The following pdf file [Visualizing Regression (http://www.math.yorku.ca/~georges/Files/VisualizingRegression.pdf)](warning: the file is large and the quality of the graphics is very poor, you might need to adjust the brightness of your screen to see some relevant gridlines) contains 'freeze-frame animations' on pp. 35--52 that illustrate the effect on estimated regression coeficients of adding successively larger errors to one of the predictor variables in a regression with two predictors. What's missing is a visualization of the consequence of attempting to correct with an SEM, using the correct or an incorrect value for the variance of measurement error.

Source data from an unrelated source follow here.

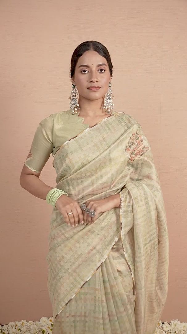 Color: Fresh pista saree that exudes a charming and calming elegance.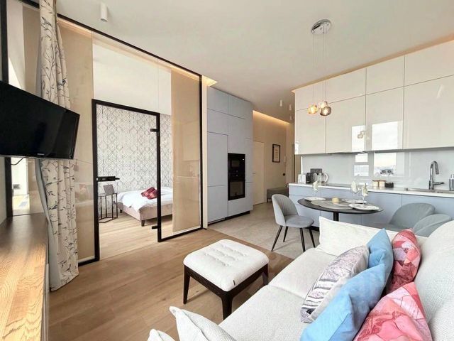 Просторный апартамент расположился на 63 этаже башни ОКО, он вмещает 2 полноценные спальни с собственными санузлами (одна из них с той самой панорамной ванной у окна, одна мысль о фото в которой сводит девушек с ума), просторную угловую гостиную для Ваших встреч и посиделок с друзьями и зону кухни-гостиной для welcome drink или кулинарных шедевров.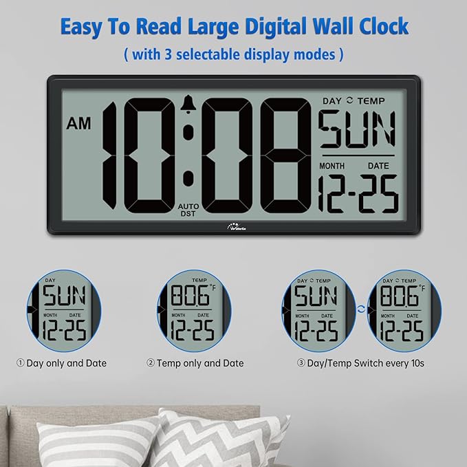 WallarGe 14.5'' Large Digital Wall Clock Battery Operated with Jumbo Numbers, Temperature and Date - Easy to Read and Set, Auto DST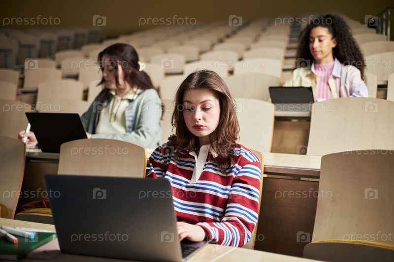 Мультиэтническая группа молодых взрослых женщин, изучающих с помощью ноутбуков в лекционном зале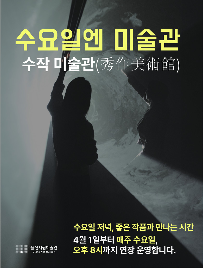 울산시립미술관은 시민들의 문화 향유 기회를 넓히기 위해 오는 4월부터 매주 수요일 운영 시간을 연장하는 ‘수작미술관(秀作美術館)’을 운영한다고 밝혔다.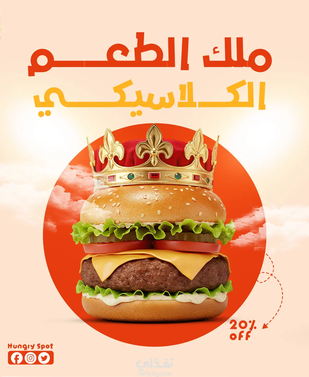 تصميم سوشيال ميديا لمطعم اكل سريع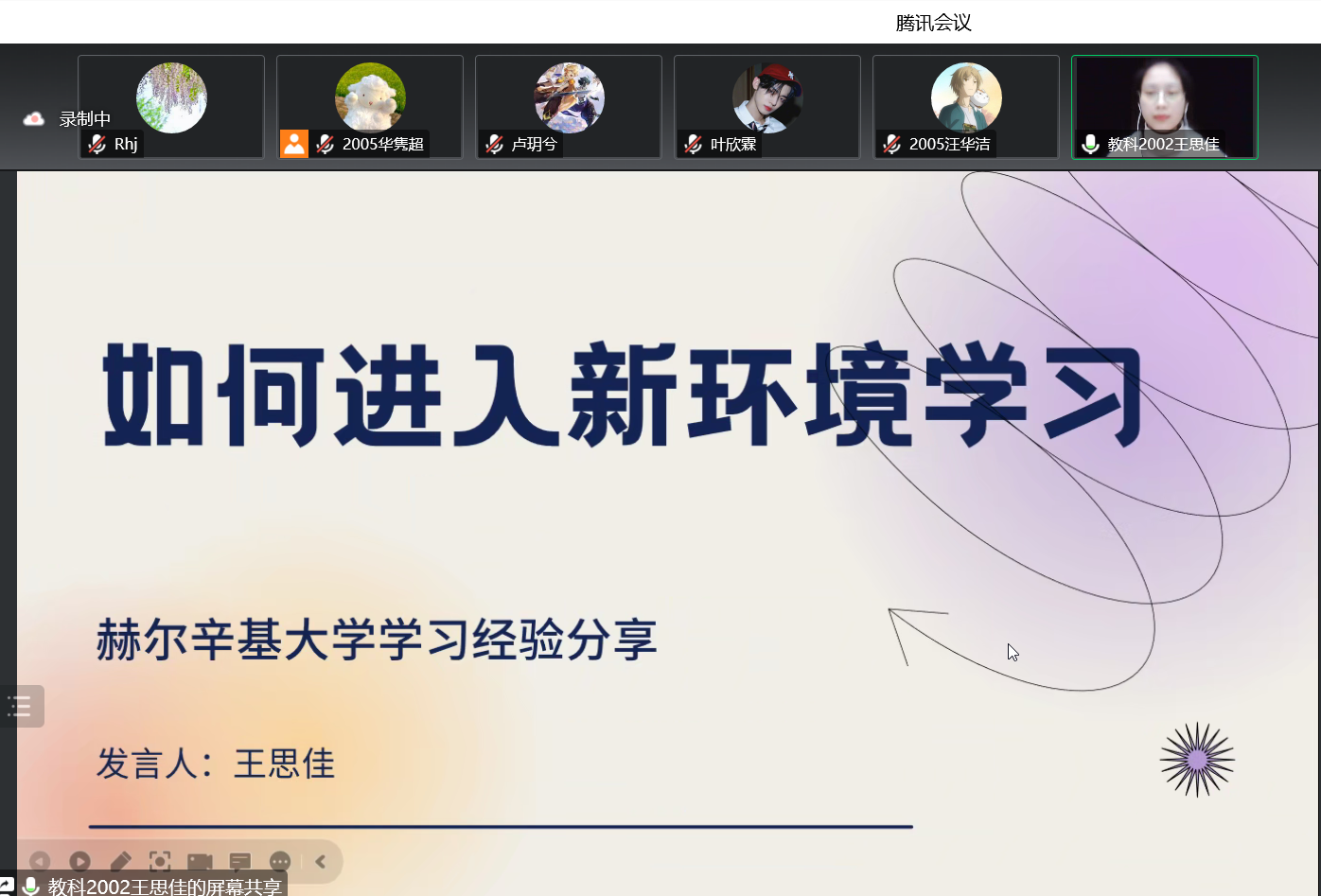最后,王思佳分享了进入新环境学习的心得。她提出了三点建议:第一,加入环境;第二,努力适应陌生的环境;第三,主动去问、主动求学。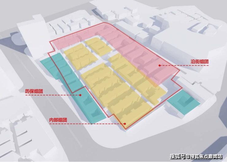 另外,从组团上看,分为历史保护组团、内部组团、沿街组团: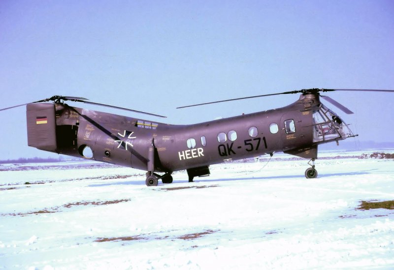Vertol H 21 C Heeresflieger auf dem Flugplatz Itzehoe-Hungriger Wolf, Winter 1964.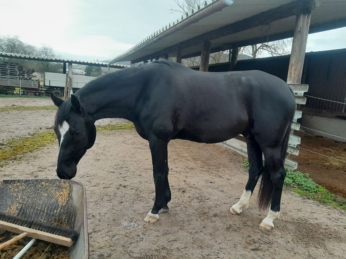 Wegen Aufgabe des Reitsports steht mein schicker Wallach zum Verkauf. Er ist ca 170 cm groß, schmiede- und verladefromm, sehr artig bei Impfungen, ist barhuf (war aber auch schon beschlagen), geht sowohl alleine als auch zu zweit ins Gelände. Er steht in einem Offenstall mit 24/7 Heu. Mein Bub wurde von mir ausgebildet, ist noch völlig unverbraucht, eher locker geritten und noch nicht angeschoben im Sinne von "Setzen". Die Bewegung geht bei ihm super schön durch den Körper. Aufgrund Zeitmangels war er noch nie auf einem Turnier, ist jedoch Turnierpferde eingetragen und kennt auch fremde Plätze. Aus bekanntem Grund wurde er in der letzten Zeit wenig geritten, kennt aber L-Lektionen wie Außengalopp, Kurzkehrt, ... etc. Müsste jedoch wieder aufgefrischt werden. Mein Bub ist leichtrittig, dennoch sollte man in der Lage sein ihn einzurahmen, weshalb er nicht für Anfänger und Kinder geeignet ist. Er kennt Trabstangen, und seit geraumer Zeit lasse ich ihn auch ab und an über ein Cavaletti an der Longe springen (da Freispringen bei uns leider nicht möglich). Dies macht er sichtlich gerne, zieht immer an. Unterm Reiter wurde er noch nicht gesprungen. Es liegen Röntgenbilder 3,5 jährig vor. Soweit alles in Ordnung bis auf ein Minifragment, welches von mehreren Tierärzten als "zu vernachlässigen" eingestuft wurde, da es niemals Probleme bereiten wird und kein Risikobefund darstellt. Die Trense gebe ich mit dazu, und er wird von mir in sein neues Zuhause gebracht. Er wird nur innerhalb Deutschlands verkauft, und auch nur wenn es wirklich passt. Für das Probereiten sind 30 € zu entrichten, die bei etwaigem Kaufabschluß gut geschrieben werden. Der Preis ist nicht verhandelbar!

John Fox's book Applied Regression Analysis, Linear Models, and Related Methods (http://socserv.socsci.mcmaster.ca/jfox/Books/Applied-Regression/) (Sage, 1997) has an exercise that uses the 'Duncan' data set readily available through his 'car' package in R.

Exercise 6.16 on p. 133
Recall Duncan's regression of occupational prestige on the educational and income levels of occupations. [...] Following Duncan, regress prestige on education and income. As well, perform a simple regression of prestige on income alone. Then add random measurement errors to education. Sample these measurement errors from a normal distribution with mean 0, repeating the exercise for each of the following measurement error variances \sigma_{\delta}^2 = 10^2, 25^2, 50^2, 100^2. In each case, recompute the regression of prestige on income and education. Then, treating the initial multiple regression as corresponding to \sigma_{\delta}^2 = 0, plot the coefficients of education and income as a function of \sigma_{\delta}^2. What happens to the education coefficient as measurement error in education grows? What happens to the income coefficient?